▶ [Exercise description] Would you retype the line that contains "描述:此物为清代绿地万寿蝠纹样的妆花缎子。面上还绣有老鹰,整体呈不规则形。" and all lines following it to the end of the entries below, exactly and without pictures?

****

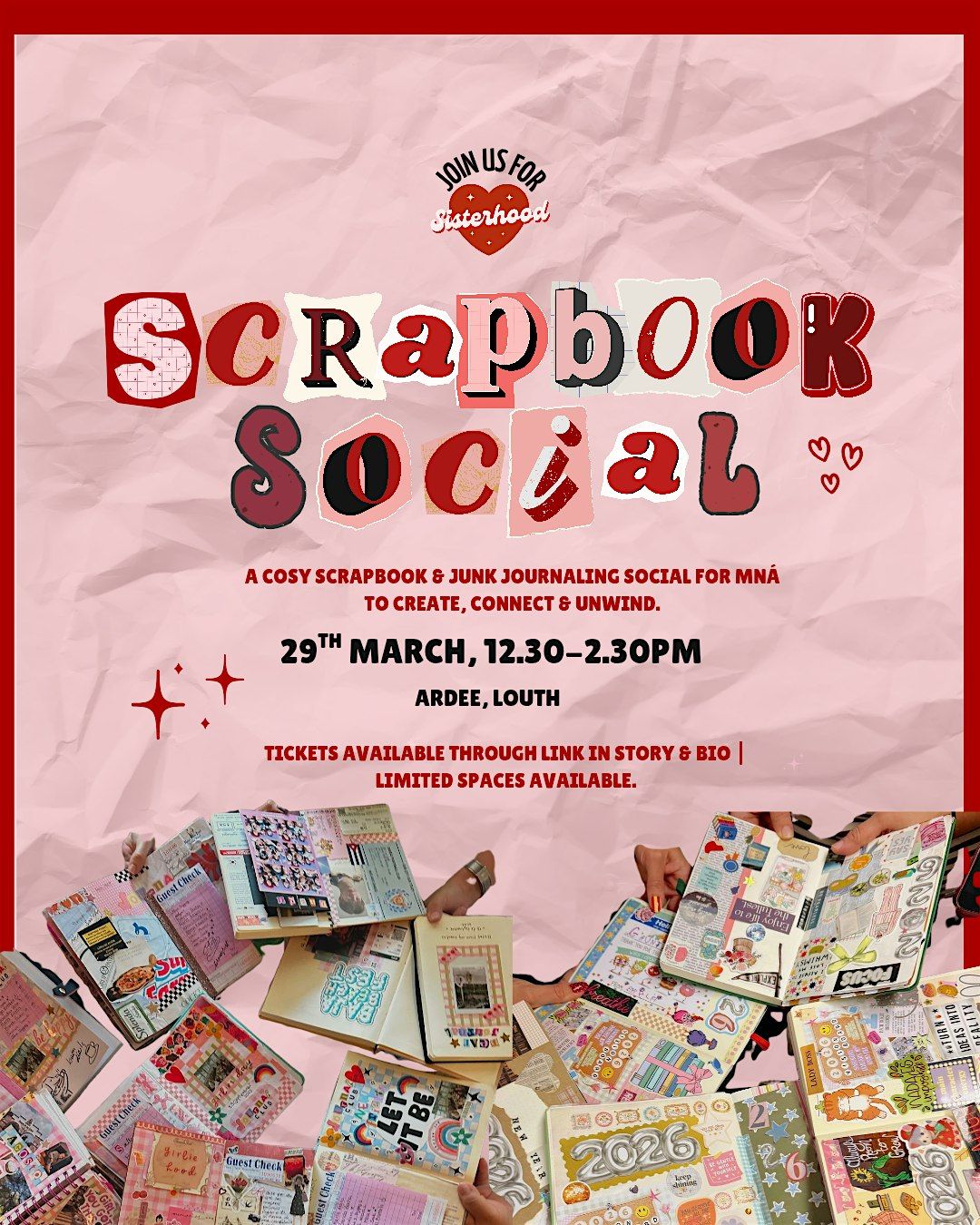 Scrapbook Social is a cosy creative afternoon designed for mná to relax, connect and get creative. Think scrapbook meets junk journaling, a light hearted space filled with uplifting music, good chats, and a wide range of craft supplies to explore.
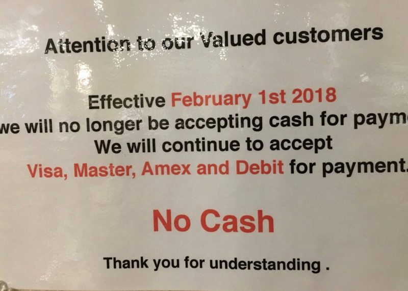 写真はバンクーバーのラーメン屋さんですが、完全キャッシュレス。つまり、現金での支払いができません。最近ではこのようなお店も出てきています。
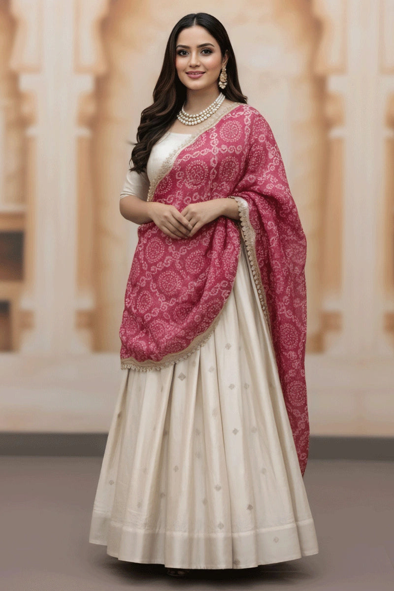 Dupatta: Pure Vichitra Original Bandhani Print Dupatta with Embroidery Border and Allover Lace Work
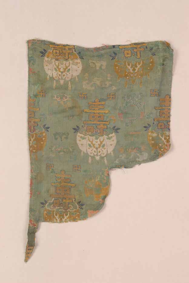 描述:此物为清代绿地万寿蝠纹样的妆花缎子。面上还绣有老鹰,整体呈不规则形。
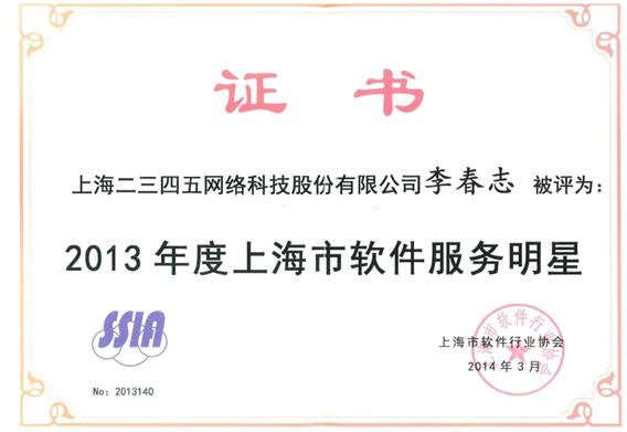 2014年3月26日下午,上海市軟件行業協會2014年工作年會暨“上海市軟件行業標兵&軟件行業服務明星”評選活動頒獎典禮在上海市經濟管理干部學院禮堂舉行。上海市經信委、科委、發改委、商務委等相關部門負責人,相關產業園區(基地)、行業協會、軟件企業負責人及十余家媒體記者,約300人到會。本次評選活動中二三四五董事長龐升東獲得軟件行業標兵稱號,二三四五軟件研發中心李春志獲得軟件服務明星稱號。
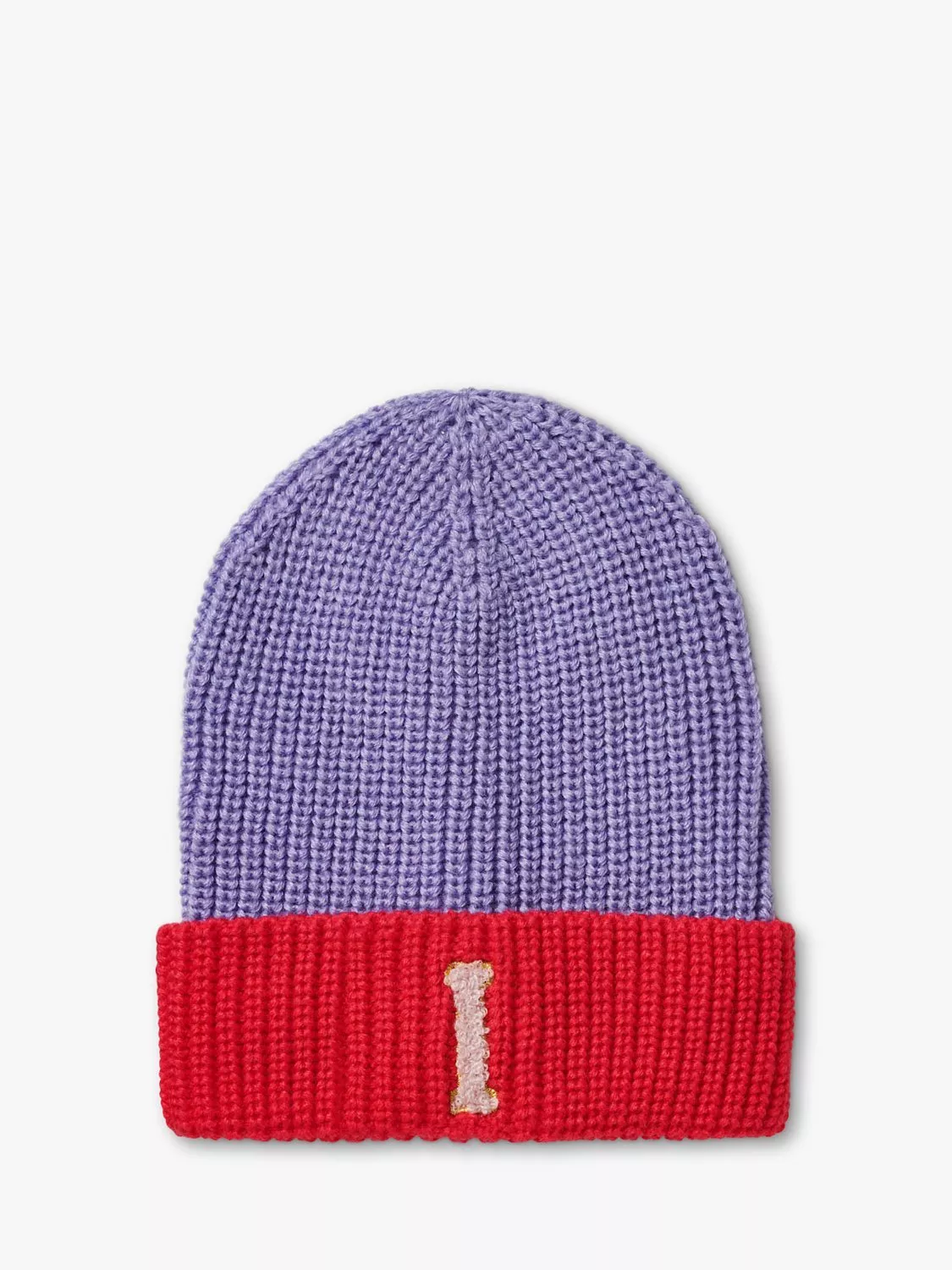A rib knit beanie hat with a turn-up brim and a patch initial.

****

▶ [Result of this task]
 描述:此物为清代绿地万寿蝠纹样的妆花缎子。面上还绣有老鹰,整体呈不规则形。
 2014年3月26日下午,上海市軟件行業協會2014年工作年會暨“上海市軟件行業標兵&軟件行業服務明星”評選活動頒獎典禮在上海市經濟管理干部學院禮堂舉行。上海市經信委、科委、發改委、商務委等相關部門負責人,相關產業園區(基地)、行業協會、軟件企業負責人及十余家媒體記者,約300人到會。本次評選活動中二三四五董事長龐升東獲得軟件行業標兵稱號,二三四五軟件研發中心李春志獲得軟件服務明星稱號。
A rib knit beanie hat with a turn-up brim and a patch initial.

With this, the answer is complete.